Wednesday, December 6, 2017

Is Media Driving Americans Apart? - Note for a discussion, "E Pluribus Unum? What Keeps the United States United."


By LEVI BOXELL, MATTHEW GENTZKOW and JESSE M. SHAPIRO DEC. 6, 2017,
New York Times [Original article contains link and charts.]

image from article

Is social media responsible for our democracy’s current crisis? An increasing amount
of political information (and misinformation) gets disseminated online, and many
Americans do not trust the media, do not trust Congress and do not trust the
president. By many measures, voters are as polarized now as they have ever been in
recent memory.

Many observers — even, before he left office, President Barack Obama — have
tagged social media as a key driver of this crisis. The digital world offers no shortage
of potential villains: targeted Russian ads; shadowy purveyors of fake news; political
consultants like Cambridge Analytica wielding big data and cutting edge psychology;
and formerly fringe media players like Breitbart leaping into the mainstream.

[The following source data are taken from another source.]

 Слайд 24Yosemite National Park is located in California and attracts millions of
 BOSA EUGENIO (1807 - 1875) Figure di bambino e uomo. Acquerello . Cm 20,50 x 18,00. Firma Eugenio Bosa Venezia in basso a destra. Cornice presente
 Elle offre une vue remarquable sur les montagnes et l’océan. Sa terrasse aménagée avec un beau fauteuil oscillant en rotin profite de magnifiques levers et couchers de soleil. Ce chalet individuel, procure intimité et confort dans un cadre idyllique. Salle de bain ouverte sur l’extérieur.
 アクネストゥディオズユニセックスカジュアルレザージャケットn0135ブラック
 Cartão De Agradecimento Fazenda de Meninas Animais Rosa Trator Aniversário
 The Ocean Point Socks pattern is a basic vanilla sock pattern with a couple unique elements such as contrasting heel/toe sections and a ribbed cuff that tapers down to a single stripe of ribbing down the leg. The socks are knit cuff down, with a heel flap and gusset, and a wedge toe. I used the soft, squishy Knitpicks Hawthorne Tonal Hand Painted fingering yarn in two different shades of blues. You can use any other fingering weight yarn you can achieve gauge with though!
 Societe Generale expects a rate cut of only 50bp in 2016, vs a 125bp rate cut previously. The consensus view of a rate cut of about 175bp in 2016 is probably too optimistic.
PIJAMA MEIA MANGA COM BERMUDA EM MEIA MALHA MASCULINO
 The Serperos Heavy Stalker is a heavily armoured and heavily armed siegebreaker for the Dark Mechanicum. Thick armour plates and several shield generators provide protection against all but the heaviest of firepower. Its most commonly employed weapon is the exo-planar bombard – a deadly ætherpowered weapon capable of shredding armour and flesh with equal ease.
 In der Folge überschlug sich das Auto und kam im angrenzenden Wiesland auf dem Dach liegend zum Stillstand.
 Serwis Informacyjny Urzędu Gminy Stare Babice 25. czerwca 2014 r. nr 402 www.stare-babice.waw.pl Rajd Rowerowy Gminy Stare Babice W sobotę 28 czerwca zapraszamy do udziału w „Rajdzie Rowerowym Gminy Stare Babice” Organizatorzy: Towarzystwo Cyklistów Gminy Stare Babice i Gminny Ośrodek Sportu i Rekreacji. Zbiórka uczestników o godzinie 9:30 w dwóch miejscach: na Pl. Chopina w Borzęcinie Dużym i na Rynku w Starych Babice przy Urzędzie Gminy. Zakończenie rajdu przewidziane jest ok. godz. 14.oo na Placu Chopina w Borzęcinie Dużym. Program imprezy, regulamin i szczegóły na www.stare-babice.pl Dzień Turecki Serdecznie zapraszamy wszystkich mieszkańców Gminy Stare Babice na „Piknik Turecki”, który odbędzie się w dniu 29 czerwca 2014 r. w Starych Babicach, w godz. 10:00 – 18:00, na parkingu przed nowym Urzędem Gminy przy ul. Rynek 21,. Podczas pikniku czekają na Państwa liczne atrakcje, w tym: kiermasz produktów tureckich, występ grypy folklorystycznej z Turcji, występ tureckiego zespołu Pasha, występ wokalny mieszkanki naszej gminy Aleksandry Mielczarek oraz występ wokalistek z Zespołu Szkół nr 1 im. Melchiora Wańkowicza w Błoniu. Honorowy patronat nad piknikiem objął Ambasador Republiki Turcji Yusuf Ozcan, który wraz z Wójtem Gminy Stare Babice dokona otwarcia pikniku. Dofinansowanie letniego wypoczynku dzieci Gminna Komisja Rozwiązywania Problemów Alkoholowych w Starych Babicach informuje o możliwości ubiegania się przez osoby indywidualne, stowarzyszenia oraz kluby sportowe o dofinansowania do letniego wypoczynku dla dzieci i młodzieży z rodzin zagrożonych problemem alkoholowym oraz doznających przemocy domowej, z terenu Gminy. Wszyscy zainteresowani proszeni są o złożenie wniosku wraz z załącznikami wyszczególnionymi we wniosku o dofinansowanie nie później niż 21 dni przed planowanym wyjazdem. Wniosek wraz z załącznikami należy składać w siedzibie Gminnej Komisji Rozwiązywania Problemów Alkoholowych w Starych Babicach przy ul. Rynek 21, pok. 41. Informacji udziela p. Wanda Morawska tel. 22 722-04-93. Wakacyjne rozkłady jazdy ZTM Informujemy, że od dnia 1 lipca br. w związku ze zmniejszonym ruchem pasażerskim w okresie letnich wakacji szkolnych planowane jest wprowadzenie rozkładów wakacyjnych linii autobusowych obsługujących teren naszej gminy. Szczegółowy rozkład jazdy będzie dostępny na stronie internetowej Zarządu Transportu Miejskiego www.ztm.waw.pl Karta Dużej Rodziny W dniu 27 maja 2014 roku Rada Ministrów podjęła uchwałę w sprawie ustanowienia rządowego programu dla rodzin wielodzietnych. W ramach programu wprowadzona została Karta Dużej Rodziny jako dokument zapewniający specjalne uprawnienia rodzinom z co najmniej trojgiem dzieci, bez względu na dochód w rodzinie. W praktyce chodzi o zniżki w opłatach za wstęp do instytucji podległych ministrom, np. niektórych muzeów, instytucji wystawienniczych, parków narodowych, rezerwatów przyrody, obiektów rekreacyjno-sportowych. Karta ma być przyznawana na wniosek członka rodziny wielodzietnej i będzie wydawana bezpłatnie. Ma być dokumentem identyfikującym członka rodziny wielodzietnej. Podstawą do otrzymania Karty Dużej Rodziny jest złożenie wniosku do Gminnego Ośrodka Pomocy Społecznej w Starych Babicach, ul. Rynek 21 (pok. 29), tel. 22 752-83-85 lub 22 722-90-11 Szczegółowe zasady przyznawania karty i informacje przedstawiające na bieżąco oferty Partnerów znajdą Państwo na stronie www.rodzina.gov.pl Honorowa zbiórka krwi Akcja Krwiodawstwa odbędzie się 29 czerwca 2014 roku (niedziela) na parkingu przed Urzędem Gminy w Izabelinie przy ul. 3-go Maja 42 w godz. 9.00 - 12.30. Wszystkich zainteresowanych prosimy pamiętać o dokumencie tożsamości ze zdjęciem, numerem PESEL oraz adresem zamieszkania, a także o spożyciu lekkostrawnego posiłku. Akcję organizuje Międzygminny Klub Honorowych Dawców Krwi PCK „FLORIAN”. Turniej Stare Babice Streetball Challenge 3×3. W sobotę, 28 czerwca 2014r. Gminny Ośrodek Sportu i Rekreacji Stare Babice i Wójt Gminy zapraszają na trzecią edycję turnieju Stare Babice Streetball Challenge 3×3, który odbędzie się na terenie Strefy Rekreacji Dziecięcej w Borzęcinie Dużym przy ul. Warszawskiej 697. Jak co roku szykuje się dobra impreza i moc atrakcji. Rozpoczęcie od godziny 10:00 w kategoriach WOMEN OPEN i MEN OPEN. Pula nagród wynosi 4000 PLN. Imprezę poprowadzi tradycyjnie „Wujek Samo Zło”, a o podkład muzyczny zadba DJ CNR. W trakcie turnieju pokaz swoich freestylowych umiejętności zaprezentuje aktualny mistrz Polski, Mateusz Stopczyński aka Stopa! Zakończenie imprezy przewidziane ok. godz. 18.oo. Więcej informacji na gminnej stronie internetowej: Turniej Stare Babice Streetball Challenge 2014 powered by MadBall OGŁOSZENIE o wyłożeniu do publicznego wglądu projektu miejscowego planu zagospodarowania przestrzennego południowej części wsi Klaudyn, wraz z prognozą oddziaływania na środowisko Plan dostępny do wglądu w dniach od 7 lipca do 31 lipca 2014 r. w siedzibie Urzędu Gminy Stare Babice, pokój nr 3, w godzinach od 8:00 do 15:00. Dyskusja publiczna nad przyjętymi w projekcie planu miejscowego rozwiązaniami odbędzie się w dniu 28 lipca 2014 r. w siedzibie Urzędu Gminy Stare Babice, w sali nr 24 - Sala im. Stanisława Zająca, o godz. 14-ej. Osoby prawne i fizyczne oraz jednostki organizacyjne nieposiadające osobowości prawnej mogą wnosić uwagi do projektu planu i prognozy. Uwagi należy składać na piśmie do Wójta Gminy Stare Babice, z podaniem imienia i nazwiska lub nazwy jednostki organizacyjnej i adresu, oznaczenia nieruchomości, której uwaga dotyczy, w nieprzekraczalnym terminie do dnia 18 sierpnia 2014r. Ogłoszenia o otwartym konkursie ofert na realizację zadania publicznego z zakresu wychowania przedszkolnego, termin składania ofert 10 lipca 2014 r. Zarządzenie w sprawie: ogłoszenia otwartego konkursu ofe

But we risk giving too much weight to the newest and most frightening media
technologies. If any media platform is to blame, it is not the web. It is more likely
television, which is a more important source of political information. Growing
polarization may also result from structural economic changes, like rising inequality,
that have occurred in recent decades.

A few facts can help keep the role of social media in perspective. The share of
Americans who use social media as their primary source of political news and
information is rising fast but remains relatively small. Recent work by Mr. Gentzkow
and Hunt Allcott finds that only 14 percent of American adults reported that social
media was their most important source of news for the 2016 election. On the other
hand, 57 percent of American adults said that TV (cable, network or local) was their
most important source.

It’s also important which demographic groups use social media. In a paper
recently published in the Proceedings of the National Academy of Sciences, we show
that polarization has been growing as fast or faster among elderly Americans — those
least likely to use social media — as among those aged 18 to 39. This applies across a
broader set of demographic groups: Polarization increased as fast or faster among
the Americans least likely to use the internet compared with those who are most
likely.

In the 2016 election, President Trump was most popular among demographic groups
least likely to use social media. According to our calculations, Mr. Trump gained
support relative to Mitt Romney among non-internet-using voters, but actually lost
support among internet-using voters. An analysis by the media researchers Keith
Hampton and Eszter Hargittai likewise finds that Hillary Clinton’s supporters were
more likely to use Twitter and Reddit than Mr. Trump’s supporters.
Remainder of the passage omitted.